Screen Shot 2015-10-22 at 1.44.13 PM*Disclaimer: Before you even start this, know that it doesn’t apply to every person on God’s green earth who has ever gone natural. Pinky swear. It only applies to the ones it applies to. We clear? Good. Carry on.

We’ve all seen the photos displaying Afros in all their shining glory and the words hailing up the women owning them as strong, powerful, brave, stunning and more—these women are sometimes looked at almost as superheroes simply for their choice to discard what is seen as society’s standard of hair care.

And then there are the others.

The others are those who have endured hours in a hairstylist’s chair, every six to eight weeks, getting lathered and slathered with the chemicals that turn kinky curls bone straight. And yes, sometimes, cringing came while raw scalp healed from too much time with said chemicals.

And after choosing to endure the process that comes with wanting bone-straight hair, these…others…sometimes have to endure a society that seems to have done a 180. Gone are the days when natural-haired women were disparaged and laughed at, while their locks were referred to as “nappy” and looked upon with disgust. Now, it seems as though the more women make the decision to do the “big chop,” the more that women who choose the “creamy crack” route seem to be looked down upon and somehow considered not as “black.”

*And, no, I’m not exaggerating. I’ve actually had a girl question my blackness because I’ve chosen to keep my regular relaxer appointments rather that cut my hair off and start over with what God gave me. She literally sat me down and tried to school me on the history and struggles of African-American women and their hair. Meanwhile some of these same women darn near live in wigs and weaves while their natural hair is covered and hidden from the world. But I digress.

And then bring on the lectures about the damage being done to your hair through the relaxer process, and the personal testimonies as those who go natural tell you all about how liberated they felt learning their “curl pattern,” and how fun it is finding and using curly girl products. There are even schools that will discriminate against little girls who have chosen relaxers over natural hair and will not permit those little into their school until the relaxer is removed. This is real life. In 2015. And the disparaged become the disparagers. Oh, how the tables have turned.

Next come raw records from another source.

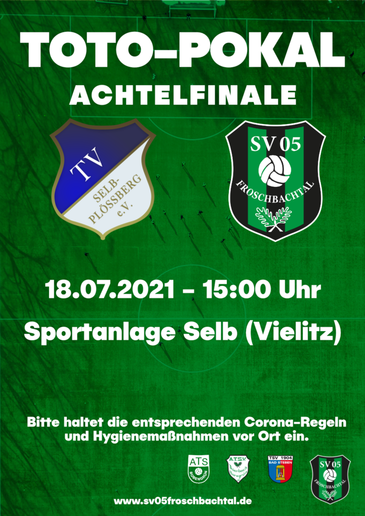 Der erste Gegner in der KO-Phase bzw. im Achtelfinale ist der TV Selb-Plößberg. Das Spiel gegen die Selber Jungs findet am kommenden Sonntag, 18. Juli 2021 um 15:00 Uhr auf dem Platz in des Turnvereins statt.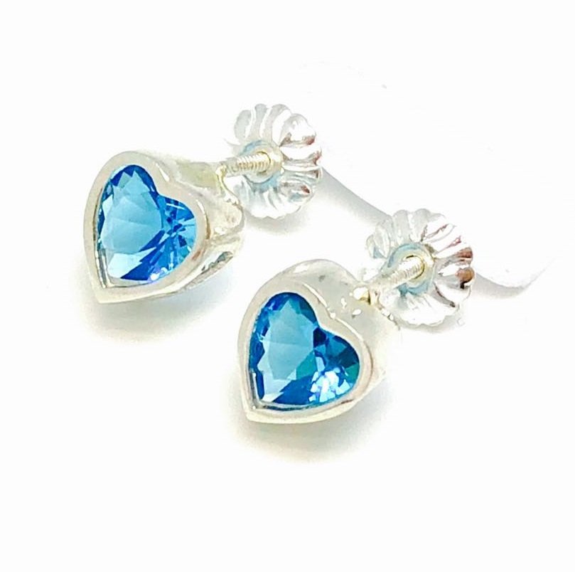 Aros Rosca con cubic de corazon agua 6mm marina Plata 925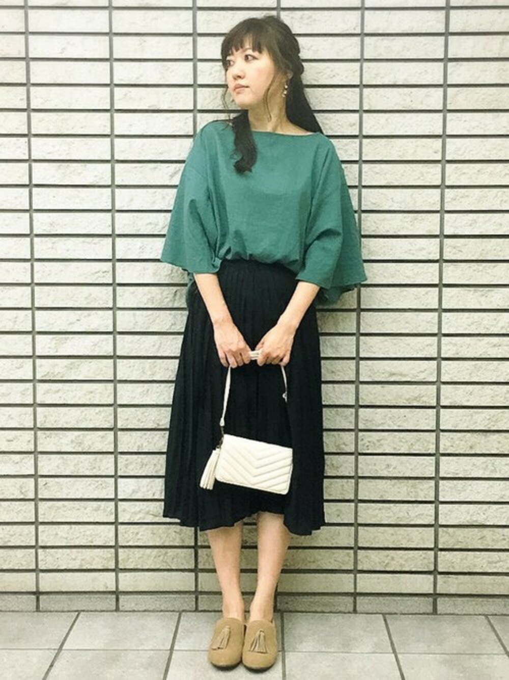 上品なグリーンカラーのブラウスを使ったコーディネート。 袖が大きめなフレアで女性らしさ◎ プリーツスカートを合わせキレイめカジュアルなスタイルにしてみました♪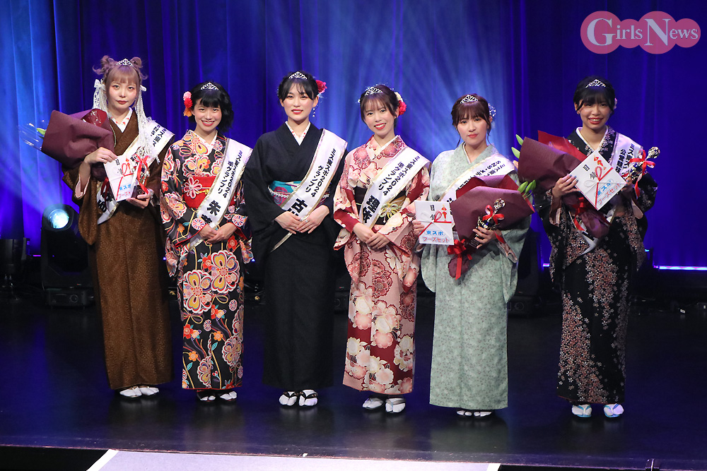 東京スポーツのイメージガール「ミス東スポ2024」の全受賞者お披露目発表会が3日、東京・浅草花劇場で行われ、グランプリの古川聖奈、準グランプリ(2名)の理依奈、朱華、公営競技・特別賞の杏樹宝、SNS・メディアPR賞(2名)の幕田みゆ、池田ゆうなの6人が着物姿を披露した。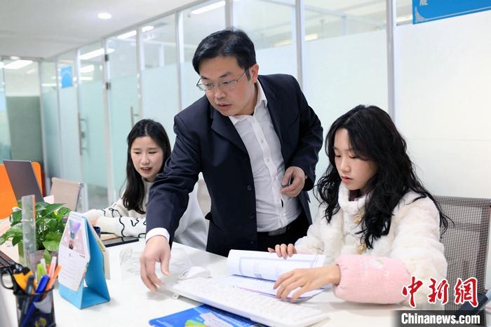 圖為2月23日,四川成都,郭弘揚(中)與同事一起查看資料。 中新社記者 王磊 攝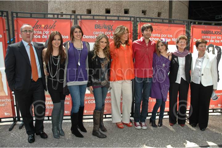 MÉXICO, D.F., 11MARZO2009.- Paty Cantú, María José, Roy Caple director ejecutivo de asuntos publicos de HSBC, Maripina Menendez directora de Save the Children México, Crisitina García, coordinadora del fideicomiso del Auditorio Nacional, Benny, y Ashley y Hanna del grupo Ha-Ash, durante la presentación del 1er Festival de la Música por los Derechos de los Niños. FOTO: RODOLFO ANGULO/CUARTOSCURO.COM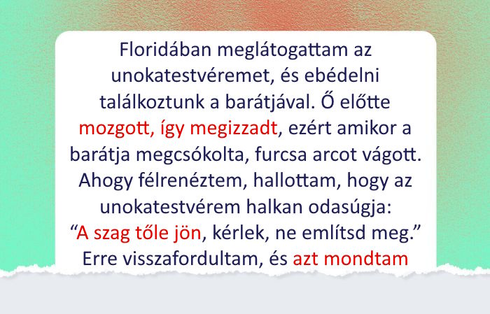 Mikor félrenéztem, az unokatestvérem megpróbált súgni valamit a barátjának, de meghallottam. “A szag belőle jön. Légyszi, ne szólj semmit.” Mondtam, hogy ez nem az én szagom. Erre a barátja odadugta az orrát az unokatestvéremhez, és megszaglászta. Megcsókolta, és azt mondta, emberi dolog, hogy egy ilyen gyönyörű nő büdös. Az unokatestvérem kínosan nevetett. Hazafelé azt mondta nekem, hogy nem kellett volna ilyen kínos helyzetbe hoznom a párja előtt. Szerinte megszegtem a lányok közti íratlan szabályokat.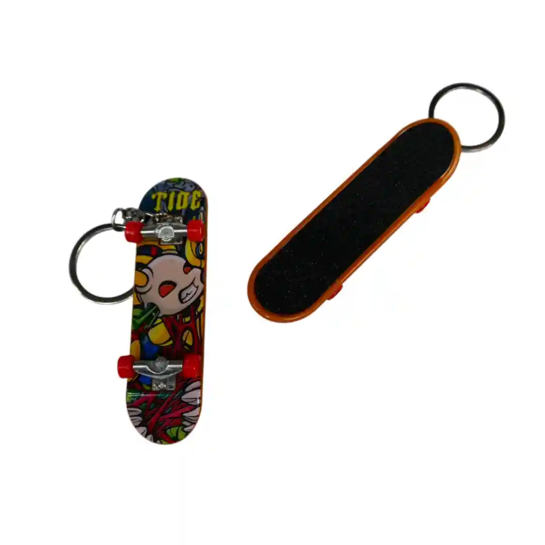 Gran variedad de diseños gráficos: La parte inferior de la patineta es donde la creatividad se desata. Cada llavero viene con un diseño gráfico diferente y llamativo, lleno de colores vivos y personajes de estilo cómic y graffiti. Desde un monstruo verde con gafas hasta calaveras y diseños abstractos, hay una patineta para cada personalidad. ¡Son tan variados que querrás coleccionarlos todos!

But why? It’s inconceivable that folks who endured so much and so many unkind words would develop a sort of superiority complex and turn up their noses at those who have made a different superficial choice than them? Although some of them do get deep with it, claiming a connection to ancestors and a higher intellect than their straight-haired sisters. It’s almost sad to see and hear the sneers and pointed questions aimed at “others.” Okay, remove the almost. Because we’ve found yet another way to divide our community and that is sad.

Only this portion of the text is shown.